Task requirements:
Transcribe word for word the lines below from the line with "世界的に注目を集める墨絵アー" through the line with "Hanoi mayor inspects", ends included.

Records:
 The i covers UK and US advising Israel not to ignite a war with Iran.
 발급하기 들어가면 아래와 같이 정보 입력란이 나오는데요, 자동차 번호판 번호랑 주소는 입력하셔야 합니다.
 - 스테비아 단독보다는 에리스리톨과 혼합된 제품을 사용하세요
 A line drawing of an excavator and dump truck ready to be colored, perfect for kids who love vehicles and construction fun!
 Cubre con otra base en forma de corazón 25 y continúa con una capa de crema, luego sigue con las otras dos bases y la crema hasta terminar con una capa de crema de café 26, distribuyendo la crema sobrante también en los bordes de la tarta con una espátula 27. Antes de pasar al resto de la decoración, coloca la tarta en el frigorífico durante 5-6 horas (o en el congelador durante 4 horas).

--

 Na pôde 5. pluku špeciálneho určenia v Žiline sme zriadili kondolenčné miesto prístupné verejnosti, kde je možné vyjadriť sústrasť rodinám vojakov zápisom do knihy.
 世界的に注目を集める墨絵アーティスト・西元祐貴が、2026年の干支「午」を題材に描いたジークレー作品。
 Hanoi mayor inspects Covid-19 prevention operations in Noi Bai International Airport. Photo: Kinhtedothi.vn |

---

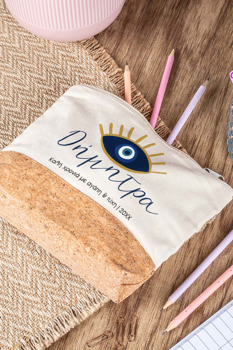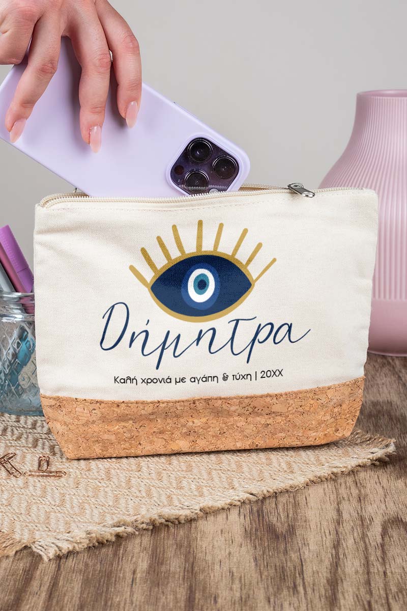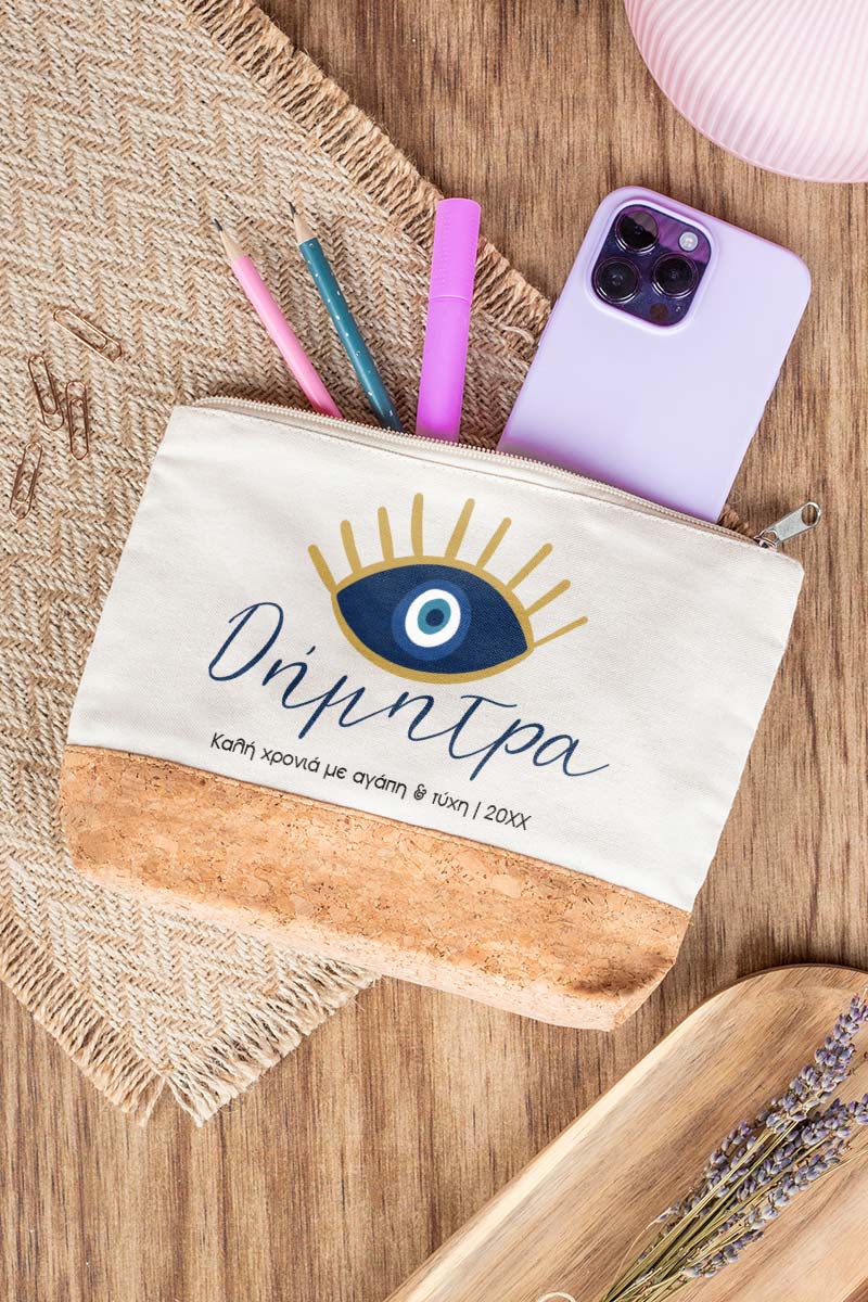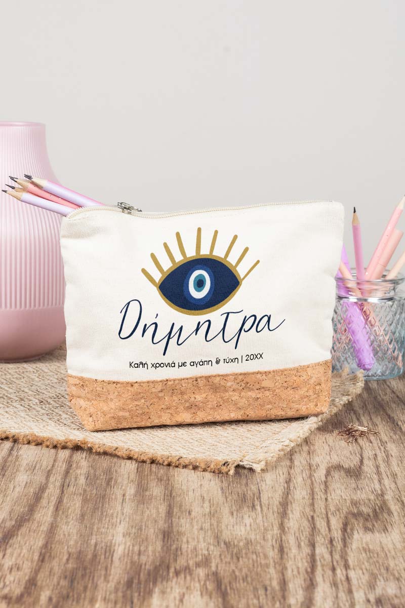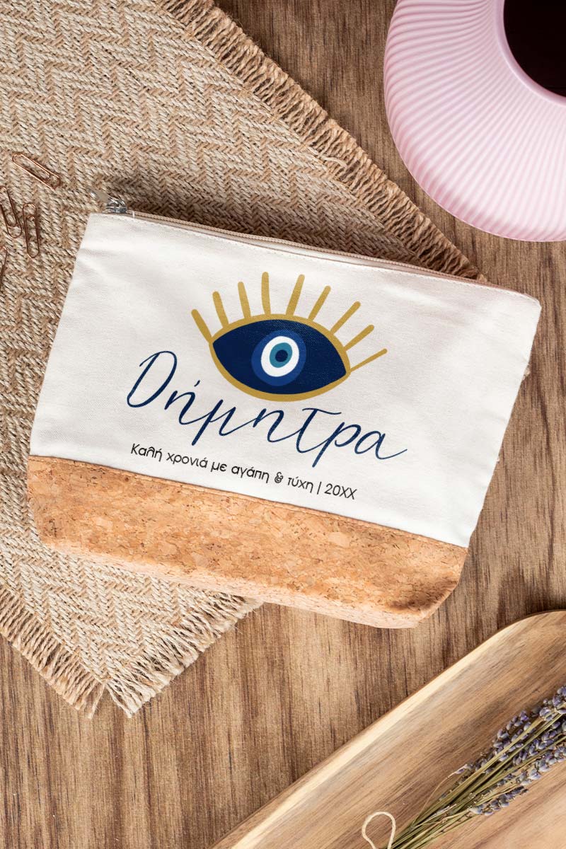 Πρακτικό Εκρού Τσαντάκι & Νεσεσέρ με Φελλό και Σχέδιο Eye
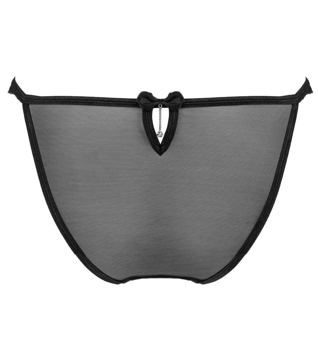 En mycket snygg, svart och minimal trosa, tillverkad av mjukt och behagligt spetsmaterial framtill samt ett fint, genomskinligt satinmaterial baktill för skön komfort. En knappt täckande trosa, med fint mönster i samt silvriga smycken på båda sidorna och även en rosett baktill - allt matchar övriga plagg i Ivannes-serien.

Answer for the task:
 世界的に注目を集める墨絵アーティスト・西元祐貴が、2026年の干支「午」を題材に描いたジークレー作品。
 Hanoi mayor inspects Covid-19 prevention operations in Noi Bai International Airport. Photo: Kinhtedothi.vn |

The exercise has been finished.